Without including any images, set down the records below exactly.

── Information shown

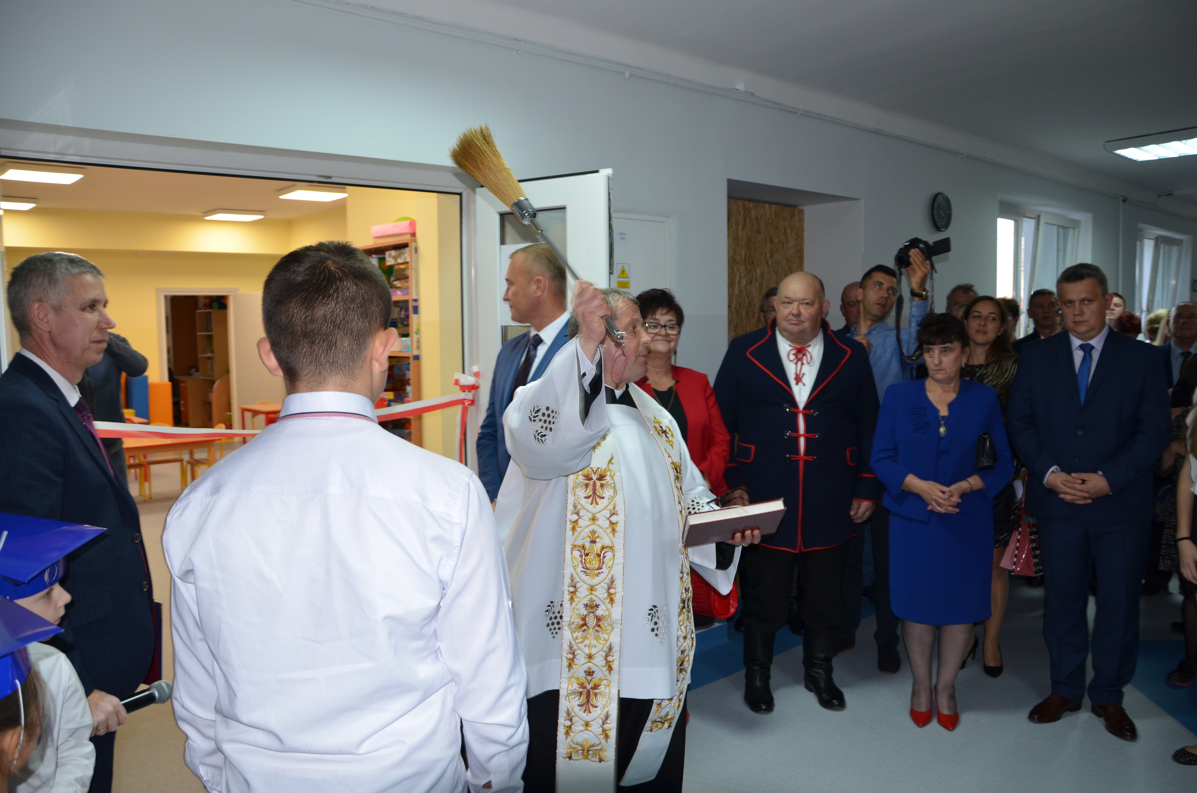 27 października zorganizowano uroczyste otwarcie szkoły po rozbudowie połączone ze ślubowaniem pierwszaków. Dyrektor Jerzy Snopek długo wymieniał co zostało zrobione i dziękował wspólnie z przedstawicielami uczniów i rodziców wszystkim, którzy przyczynili się do rozbudowy placówki. Szczególne podziękowania skierował do wójta Przemysława Łysaka i radnego Stanisława Anioła. - Wójt zawsze mówił, że szkoła w Leszczynach jest ważna, że będzie nam pomagać. Ja wierzyłem, że słowa dotrzyma i tak się stało. Dziś mamy, można powiedzieć, szkołę na miarę XXI wieku. Wreszcie dzieci nie jedzą na korytarzu. Mamy zabezpieczenia przeciwpożarowe, świetlicę, koniec z cieknącym dachem - wymieniał dyrektor Snopek.
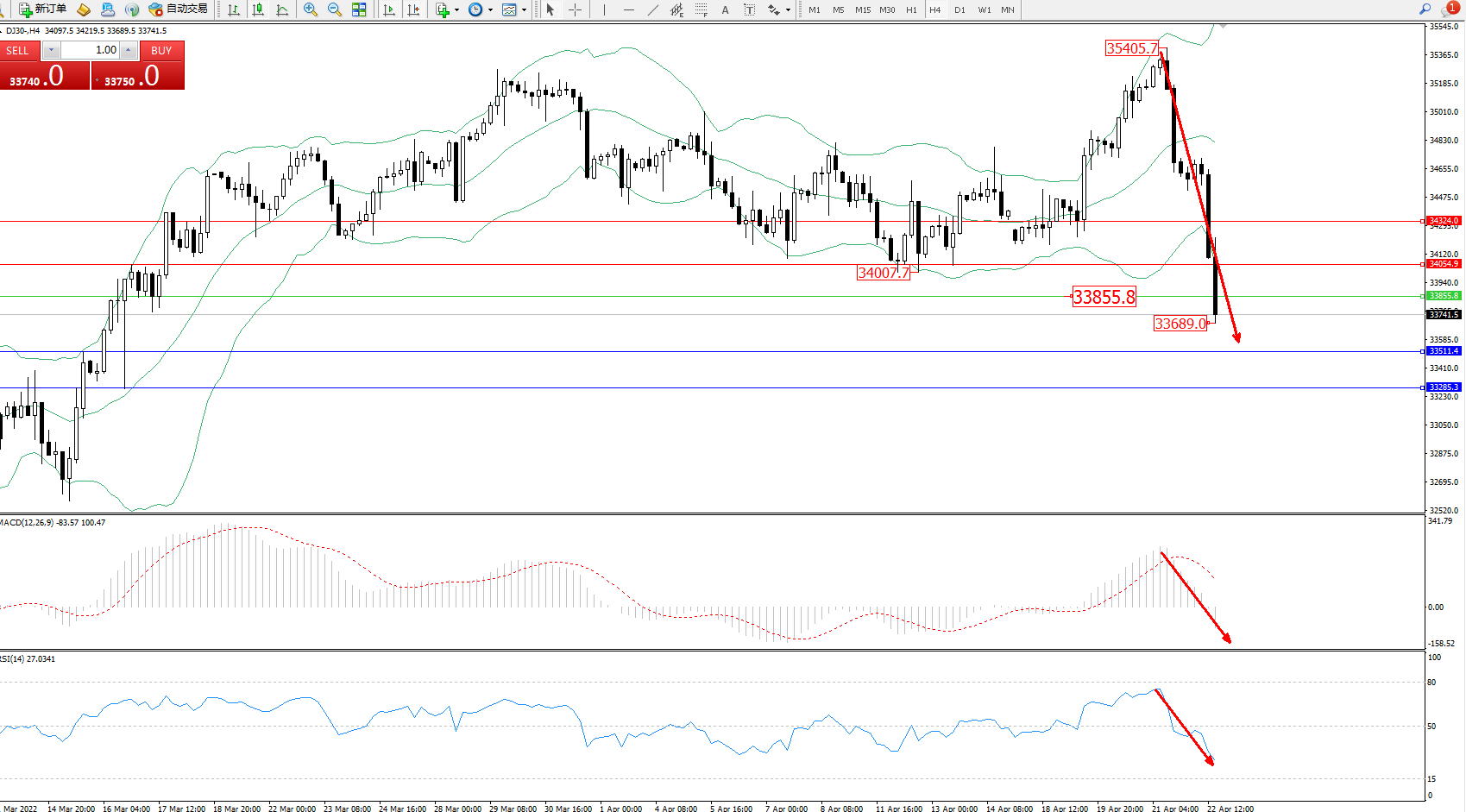 道琼斯指数DJ30——4小时K线图显示:
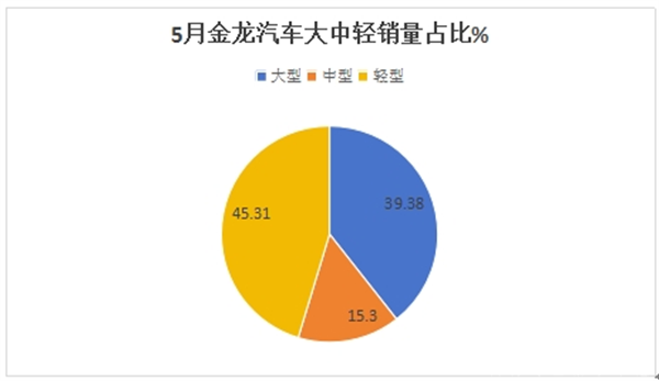 ---从产品销售结构来看,今年5月份,金龙汽车轻型客车销量最多(占比45.31%)领跑,成为今年5月金龙汽车市场的主体部分;大型客车销量占比39.38%居第二,中型客车占比15.30%,居最小;
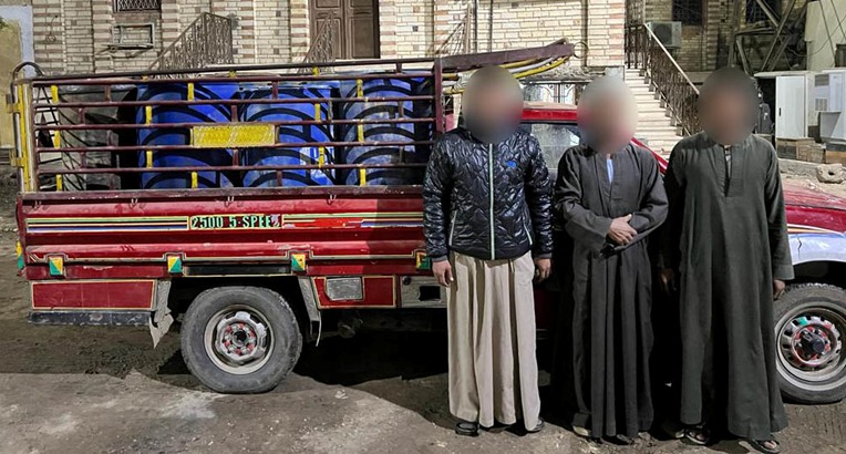 كما تم ضبط سائق ومزارع – مقيمان بمحافظة أسوان حال استقلالهما سيارة نقل بدائرة مركز شرطة إسنا محمل عليها 10 براميل سولار بإجمالي 1،500 طن سولار بدون أوراق أو فواتير.
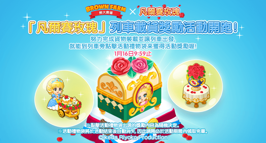 在列車旁的廣場即將出現禮物袋,完成貨物裝載並讓列車出發,點擊活動禮物袋就有機會得到「凡爾賽玫瑰」合作的限定道具!

────

◆ Exercise response ◆
 27 października zorganizowano uroczyste otwarcie szkoły po rozbudowie połączone ze ślubowaniem pierwszaków. Dyrektor Jerzy Snopek długo wymieniał co zostało zrobione i dziękował wspólnie z przedstawicielami uczniów i rodziców wszystkim, którzy przyczynili się do rozbudowy placówki. Szczególne podziękowania skierował do wójta Przemysława Łysaka i radnego Stanisława Anioła. - Wójt zawsze mówił, że szkoła w Leszczynach jest ważna, że będzie nam pomagać. Ja wierzyłem, że słowa dotrzyma i tak się stało. Dziś mamy, można powiedzieć, szkołę na miarę XXI wieku. Wreszcie dzieci nie jedzą na korytarzu. Mamy zabezpieczenia przeciwpożarowe, świetlicę, koniec z cieknącym dachem - wymieniał dyrektor Snopek.
 道琼斯指数DJ30——4小时K线图显示:
 ---从产品销售结构来看,今年5月份,金龙汽车轻型客车销量最多(占比45.31%)领跑,成为今年5月金龙汽车市场的主体部分;大型客车销量占比39.38%居第二,中型客车占比15.30%,居最小;
 كما تم ضبط سائق ومزارع – مقيمان بمحافظة أسوان حال استقلالهما سيارة نقل بدائرة مركز شرطة إسنا محمل عليها 10 براميل سولار بإجمالي 1،500 طن سولار بدون أوراق أو فواتير.
 在列車旁的廣場即將出現禮物袋,完成貨物裝載並讓列車出發,點擊活動禮物袋就有機會得到「凡爾賽玫瑰」合作的限定道具!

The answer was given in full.